Энгельс отпил глоток вина, обвел взглядом всех гостей и продолжал с новым приливом вдохновения:
– Граждане нашей великой державы – всюду! Они в тюрьмах Сибири, на золотых приисках Калифорнии и даже, как мы убедились прошлой осенью, в Австралии. Думая об этой державе и ее гражданах, я сошел сегодня с трибуны с высоко поднятой головой, и мне даже показалось, что я стал на несколько дюймов выше ростом.
Энгельс долил вина в отпитый бокал, поднял его над головой и воскликнул:
– За нашу великую державу! За ее бесстрашных граждан!
Тост приняли с энтузиазмом. Потом было провозглашено еще несколько тостов с разных концов стола, а когда уже собрались было вставать, Энгельс сказал:
– В конце апреля в одной буржуазной венской газете я прочитал: «Святой, память которого чтится Первого мая, зовется Карлом Марксом».
За столом прокатился смешок.
– Да, так и написано было: святой зовется Марксом, – продолжал Энгельс. – Меня это страшно разозлило. Газетка хотя и в ироническо-издевательском тоне, но пытается внушить своим читателям мысль, будто для нас, его приверженцев и учеников, Маркс – это святой со всеми вытекающими отсюда последствиями, такими, как бездумное поклонение, вера в его непогрешимость и тому подобное. На самом же деле Маркс больше всего на свете – это он доказал всей своей жизнью и всеми своими трудами, – больше всего ненавидел слепую веру в имена и причисление борцов и мыслителей к лику святых. Маркс для нас не святой, а гений революционной мысли, великий стратег социальной борьбы. И мы, конечно, чтили его, чтим и всегда будем чтить.

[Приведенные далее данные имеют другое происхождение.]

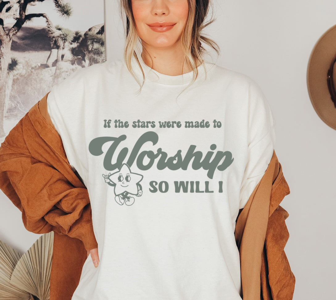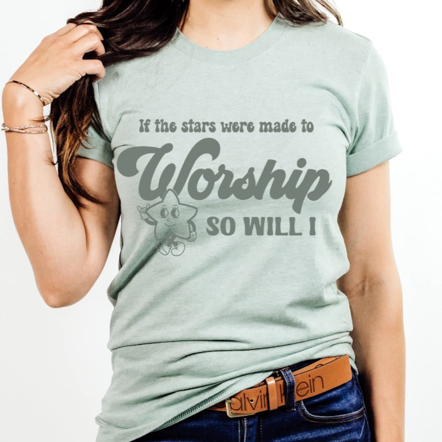 If The Stars Were Made To Worship So Will I Christian T-shirt.

– А завтра его день рождения, – тихо произнесла Тусси.
– Совершенно верно! – подхватил Энгельс. – Трудно представить подарок ко дню рождения, который обрадовал бы его больше, чем сегодняшние колонны на улицах Лондона и сегодняшний Гайд-парк.
Энгельс замолчал, и теперь уже никто не спросил его, о чем он сожалеет. Все поняли: сожалеет он лишь о том, что именинник не полюбовался прекрасным подарком и не порадовался ему.
– Последний тост, – сказал Энгельс, – я хочу предложить за два дня рождения: за день рождения Маркса и за день рождения Международного праздника трудящихся. Это прекрасно и знаменательно, что они почти совпали!
Все осушили бокалы и еще не успели поставить их, как кто-то запел «Марсельезу». Песню подхватили в разных концах стола и на разных языках. Энгельс пел по-французски. Стихи и песни он признавал лишь на языке оригинала.
Стоя у вырытой могилы Елены, Энгельс думал о многом…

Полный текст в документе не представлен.